Кажется, что когда некто не просто сообщает то, что ему представляется истиной, но достигает другого человека благодаря тому, что тот сам вынужден её отыскивать, различным образом ориентируя своё внимание, это некий формальный, технический приём. Если непосредственно сказанное оказывается ложным, стремясь обрести стабильность как нечто абсолютно значимое, то остаётся вопрос, сообщает ли оно что-либо косвенно, так, чтобы посредством такого сообщения истина всё-таки встретилась с истиной. Ницше отмечает этот обходной путь, вспоминая в «Утренней заре» нередкое «exhortatio indirecta» [60]: «Прямой же призыв, прямое побуждение содержат нечто чрезмерно умное» (Гасту, 8.81). Каждая непосредственно утверждаемая истина есть пророчество, каковое Ницше для себя отвергает. Он спрашивает: «Если я говорю один, до кого это дойдёт? Так меня презирают и не слышат» (12, 218). Для него подозрительна уже крайность выражений, когда он говорит о своих ранних сочинениях: «Крайность выдаёт … насилие, коим пытаются закрепить обман» (11, 383). Его пугает «общая отличительная черта» этих напористых и требовательных сочинений: «Они говорят языком фанатизма.

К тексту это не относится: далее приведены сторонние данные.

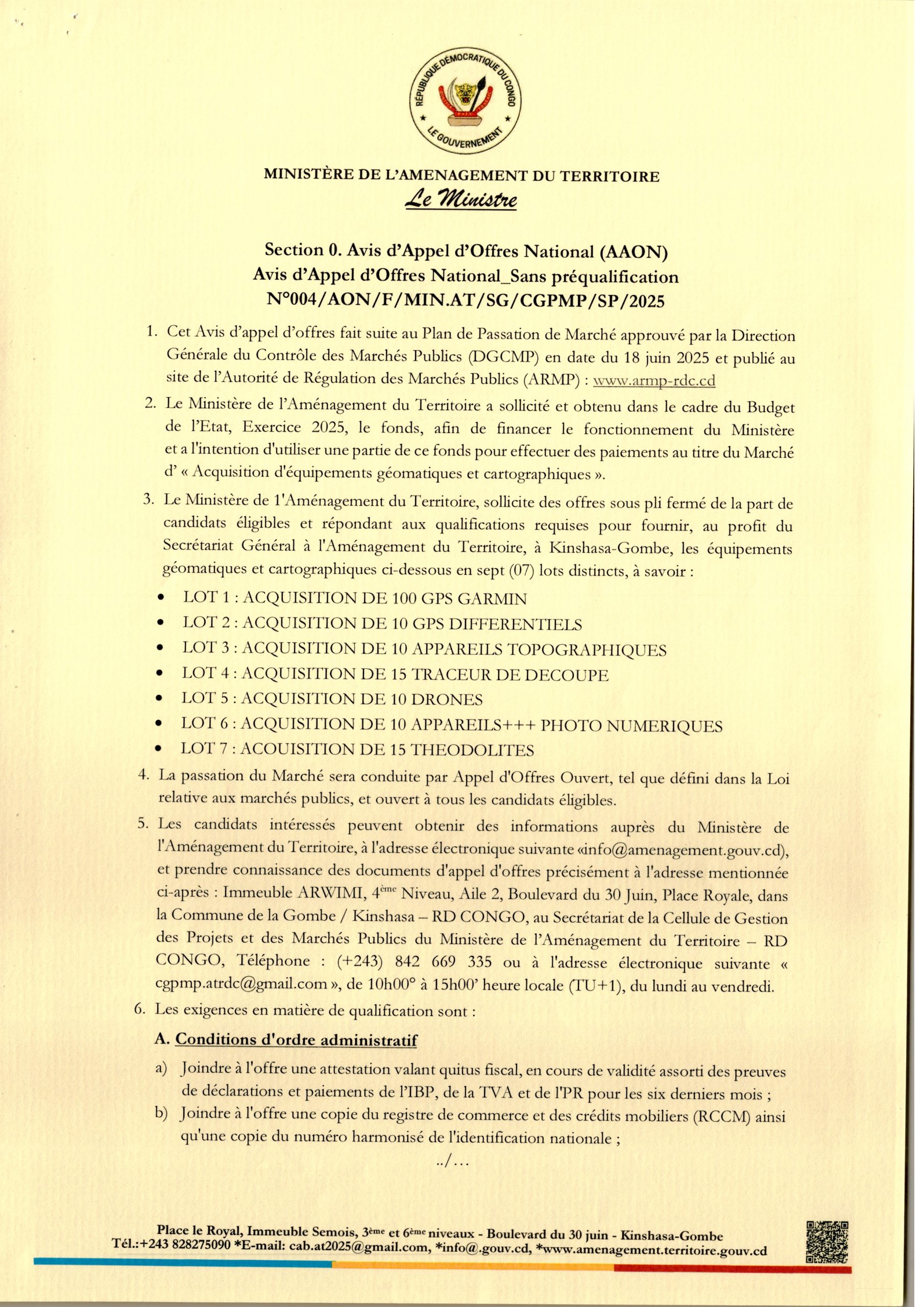 Acquisition d’équipements géomatiques et cartographiques (lot 1,2…7).
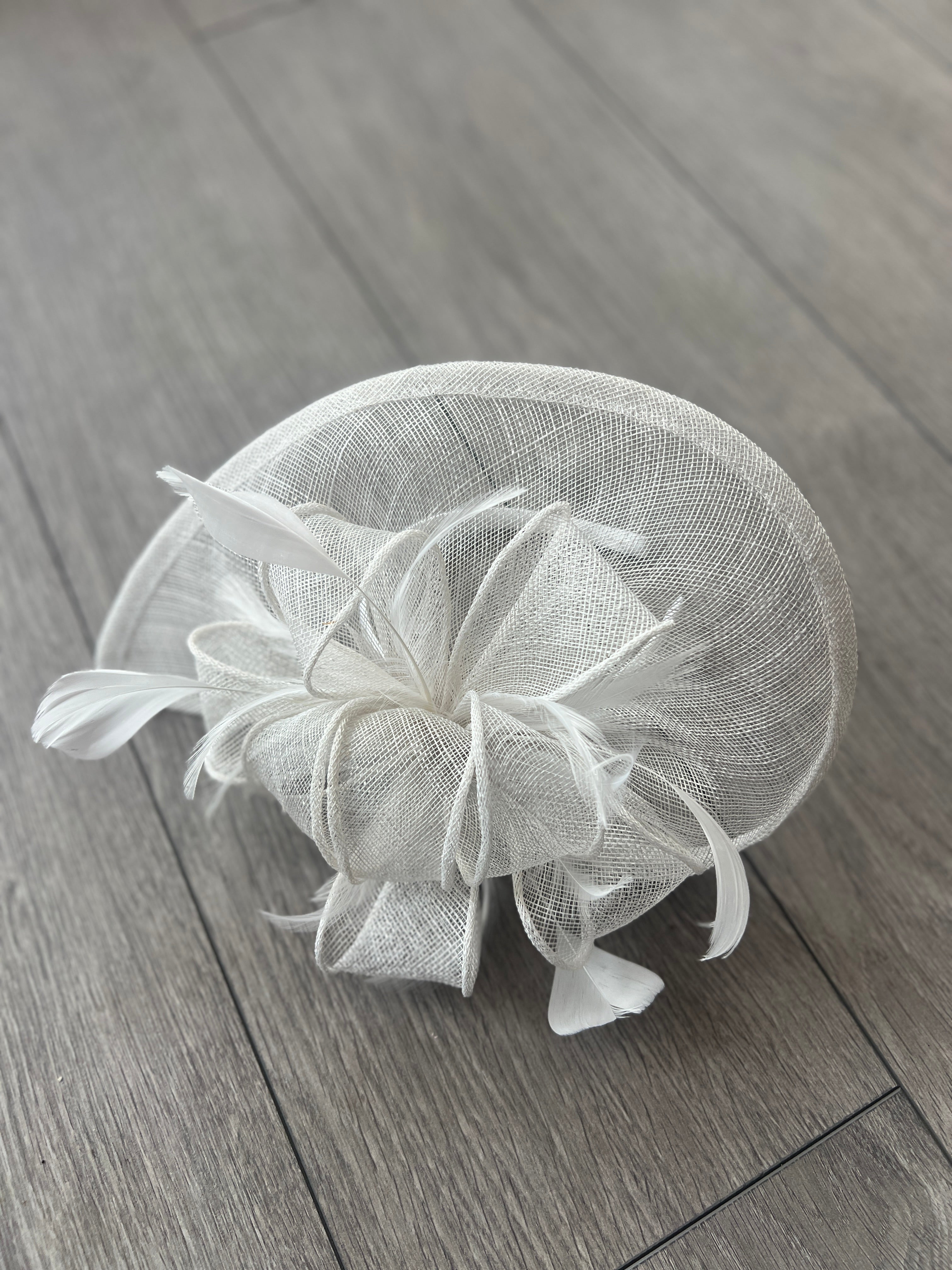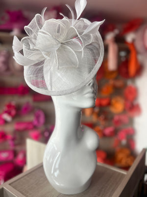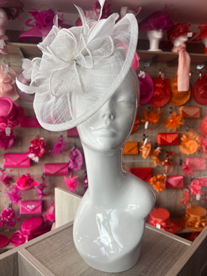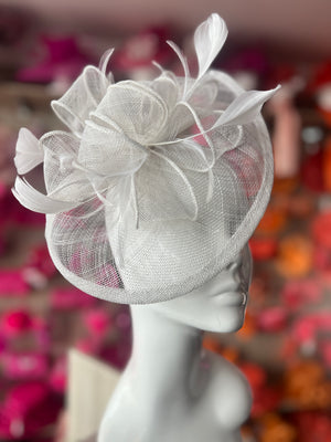 Add a touch of glamour to your occasion outfit with our stylish white fascinator designed with white sinamay, loops and feathers.

Почти везде, где речь в них заходит о том или ином инакомыслящем, обращает на себя внимание … то жестокое поношение … безобразные отметины, из-за которых мне было бы невмоготу прочесть эти сочинения до конца … будь их автор мне хоть немного менее знаком» (11, 407).

Когда Ницше в ходе критического размышления открывает для себя проблему косвенной формы сообщения, он в отношении своей работы «Человеческое, слишком человеческое» формулирует идею: говорить не самому, но дать слово персонажу, который и будет выражением косвенности — должен быть выведен некий образ «свободного ума», до́лжно найти смелость «дать слово уму, и даже посвятить ему книгу» (11, 7). Идею говорить, скрываясь под псевдонимами, Ницше, пожалуй, имел, но не осуществил, встретить её можно нечасто: в посмертных произведениях и в письмах. Когда после «Заратустры» он заканчивает «По ту сторону добра и зла», возникла «трудность найти то место, откуда я мог бы говорить … и здесь мне прекрасно пришёл на выручку заготовленный ранее тип “свободного ума”» (Гасту, 20.7.86). Да и Заратустра — это не Ницше: «Не верь же, что мой сын Заратустра высказывает моимнения. Он — одна из моих заготовок и один из промежуточных актов» (сестре, 4.85). Вместо персонажа, которому Ницше даётслово, он, в конце концов, желает взять слово сам: «Вывод: хочу говорить я, а не Заратустра» (1885 Вiogr. II, 546). Исходя из существа дела, Ницше приходит к тому же, что с помощью своих псевдонимов и прояснения «косвенного сообщения» осознанно осуществил Кьеркегор. Ницше коснулся этого лишь случайно. На самом деле он в большинстве случаев чувствует себя тождественным «свободному уму» и Заратустре, пусть даже затем стремится их в себе преодолеть.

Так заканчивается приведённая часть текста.